-- TASK REQUIREMENTS --
Using the data below, output a verbatim copy of the lines between the one holding "Near the complex, there" and the one holding "- No Smoking", inclusive, without any pictures.

-- DATA SECTION --
==============================
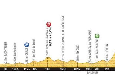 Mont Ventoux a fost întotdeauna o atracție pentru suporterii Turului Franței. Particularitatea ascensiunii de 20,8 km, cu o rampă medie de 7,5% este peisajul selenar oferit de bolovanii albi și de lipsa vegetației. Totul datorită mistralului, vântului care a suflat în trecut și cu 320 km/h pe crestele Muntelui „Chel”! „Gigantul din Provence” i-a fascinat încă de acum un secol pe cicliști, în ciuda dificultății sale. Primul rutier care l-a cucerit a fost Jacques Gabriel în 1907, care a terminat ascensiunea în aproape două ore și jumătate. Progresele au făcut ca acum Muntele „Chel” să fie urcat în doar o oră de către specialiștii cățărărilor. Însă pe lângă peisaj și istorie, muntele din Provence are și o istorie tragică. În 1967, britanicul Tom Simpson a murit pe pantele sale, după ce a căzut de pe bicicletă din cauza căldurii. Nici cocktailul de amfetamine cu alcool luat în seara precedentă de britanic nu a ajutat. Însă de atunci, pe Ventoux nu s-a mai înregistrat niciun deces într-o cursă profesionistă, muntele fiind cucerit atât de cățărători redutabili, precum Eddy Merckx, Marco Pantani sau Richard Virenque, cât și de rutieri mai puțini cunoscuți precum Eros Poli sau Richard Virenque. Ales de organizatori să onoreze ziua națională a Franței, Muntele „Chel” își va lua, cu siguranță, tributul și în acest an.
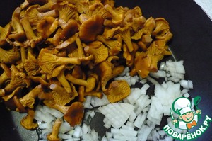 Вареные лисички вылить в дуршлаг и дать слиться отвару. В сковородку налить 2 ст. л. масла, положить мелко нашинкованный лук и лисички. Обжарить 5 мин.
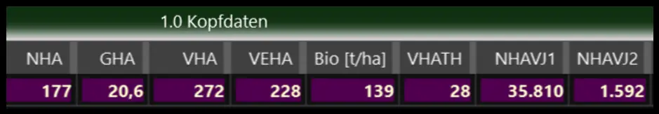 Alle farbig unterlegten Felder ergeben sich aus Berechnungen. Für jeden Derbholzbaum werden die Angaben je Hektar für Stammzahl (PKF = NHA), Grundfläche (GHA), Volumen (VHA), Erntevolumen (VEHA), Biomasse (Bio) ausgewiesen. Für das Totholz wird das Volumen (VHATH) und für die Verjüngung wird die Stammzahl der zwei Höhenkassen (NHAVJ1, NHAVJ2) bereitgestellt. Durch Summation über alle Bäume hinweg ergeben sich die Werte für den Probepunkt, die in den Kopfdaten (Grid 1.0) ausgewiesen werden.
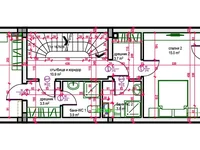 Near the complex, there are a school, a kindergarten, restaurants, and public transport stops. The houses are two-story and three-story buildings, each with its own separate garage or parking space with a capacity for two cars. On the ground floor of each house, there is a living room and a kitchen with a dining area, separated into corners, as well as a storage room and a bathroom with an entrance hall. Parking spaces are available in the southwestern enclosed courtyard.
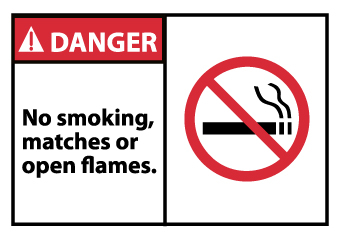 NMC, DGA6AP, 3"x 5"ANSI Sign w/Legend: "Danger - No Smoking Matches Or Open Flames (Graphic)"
==============================
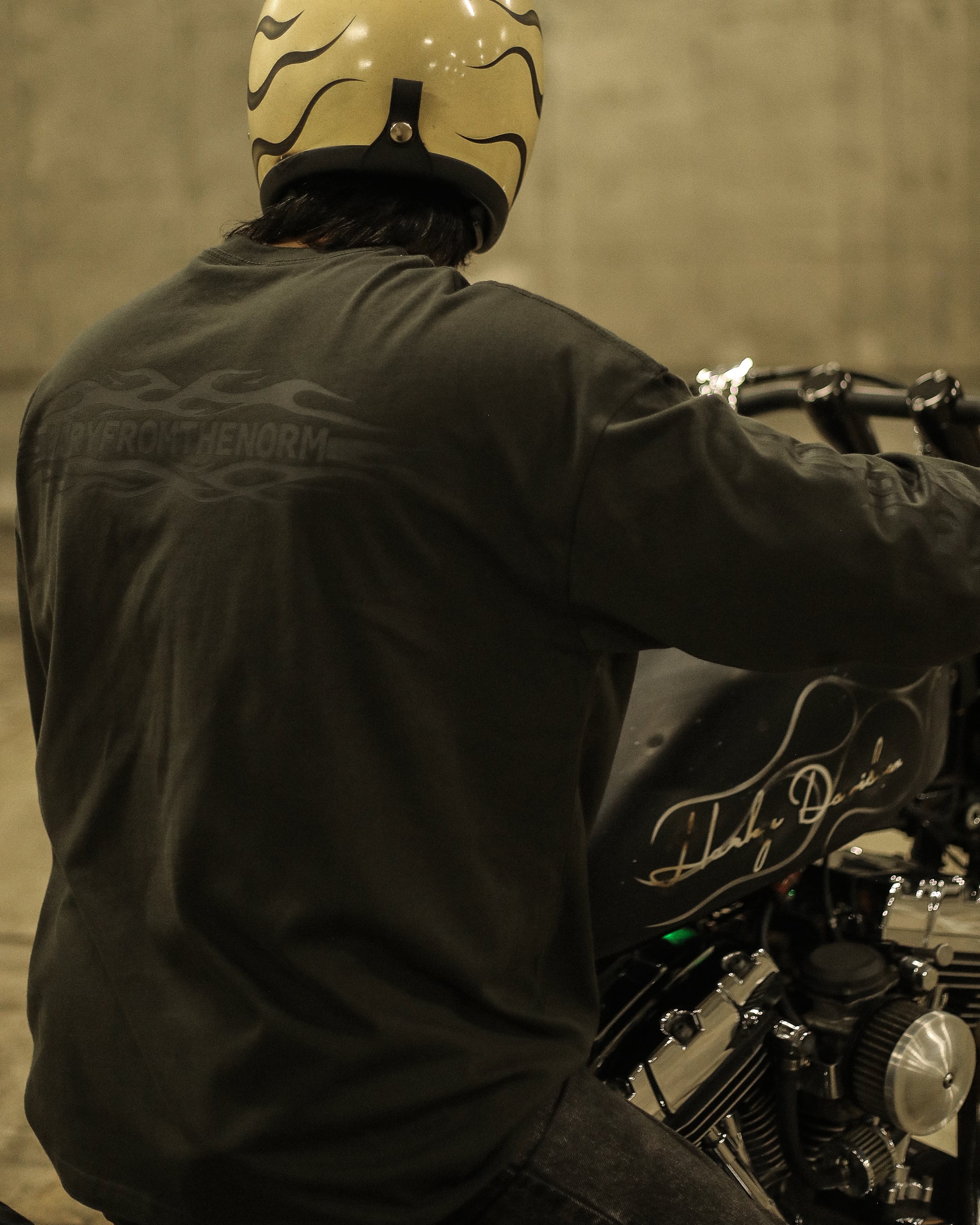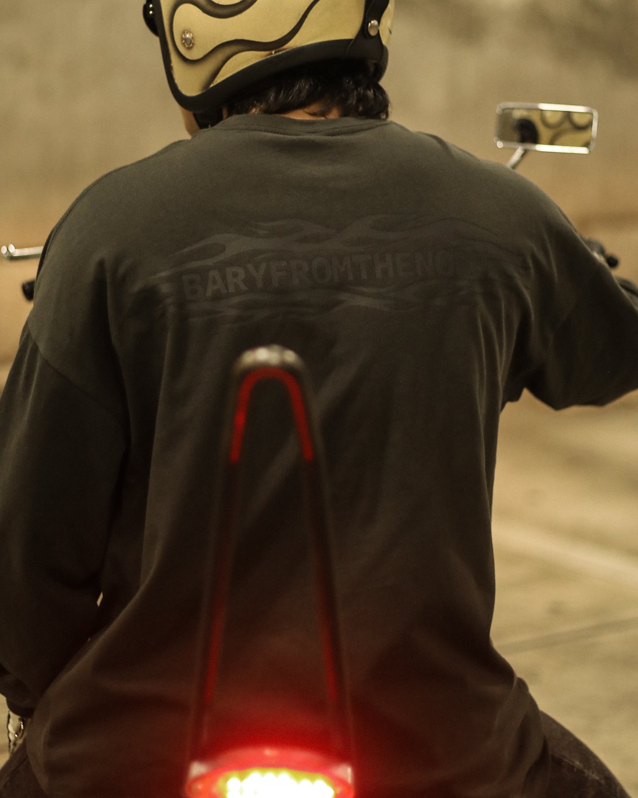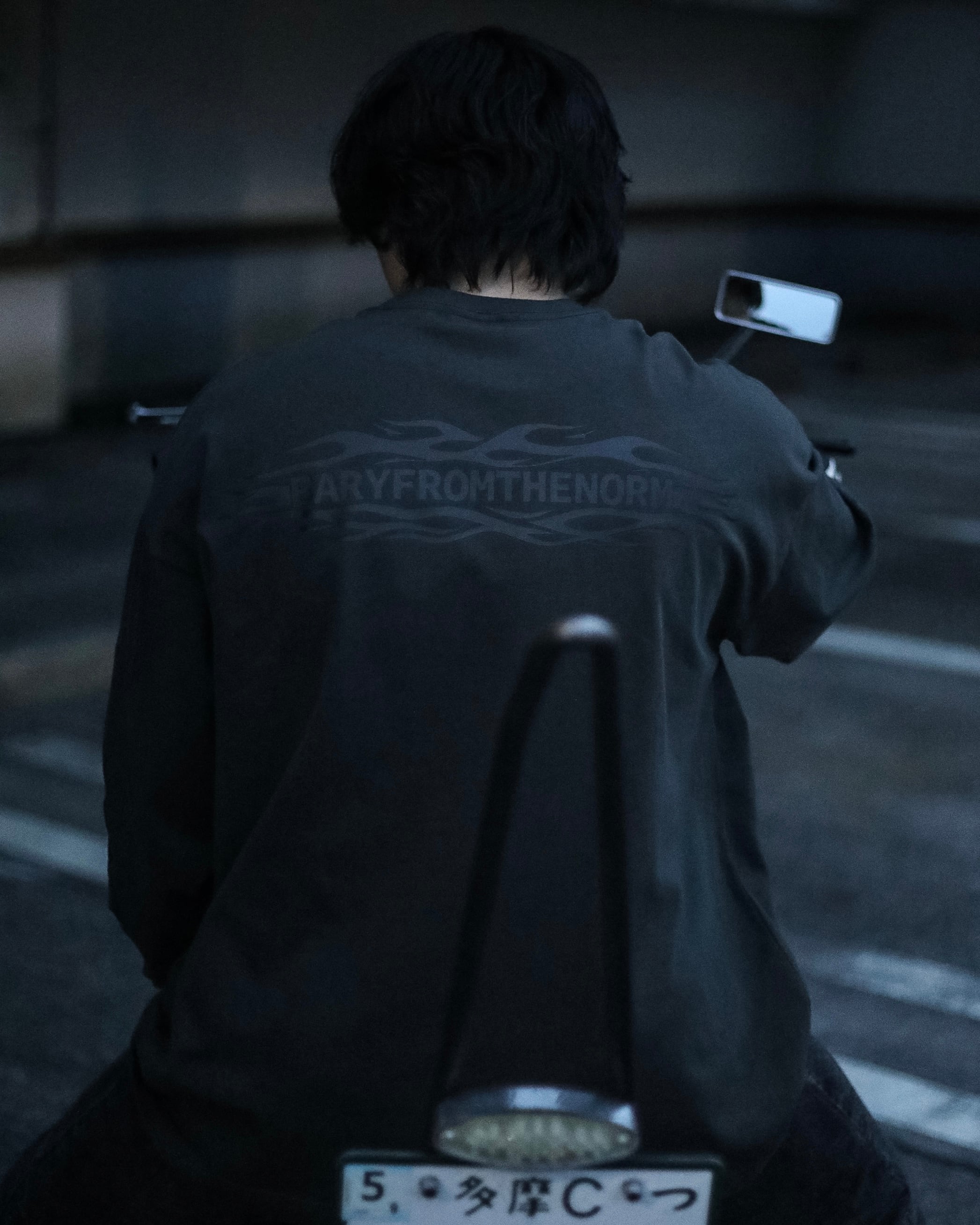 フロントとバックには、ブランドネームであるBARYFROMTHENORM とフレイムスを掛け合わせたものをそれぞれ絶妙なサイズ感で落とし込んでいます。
==============================
-- TASK RESPONSE --
 Near the complex, there are a school, a kindergarten, restaurants, and public transport stops. The houses are two-story and three-story buildings, each with its own separate garage or parking space with a capacity for two cars. On the ground floor of each house, there is a living room and a kitchen with a dining area, separated into corners, as well as a storage room and a bathroom with an entrance hall. Parking spaces are available in the southwestern enclosed courtyard.
 NMC, DGA6AP, 3"x 5"ANSI Sign w/Legend: "Danger - No Smoking Matches Or Open Flames (Graphic)"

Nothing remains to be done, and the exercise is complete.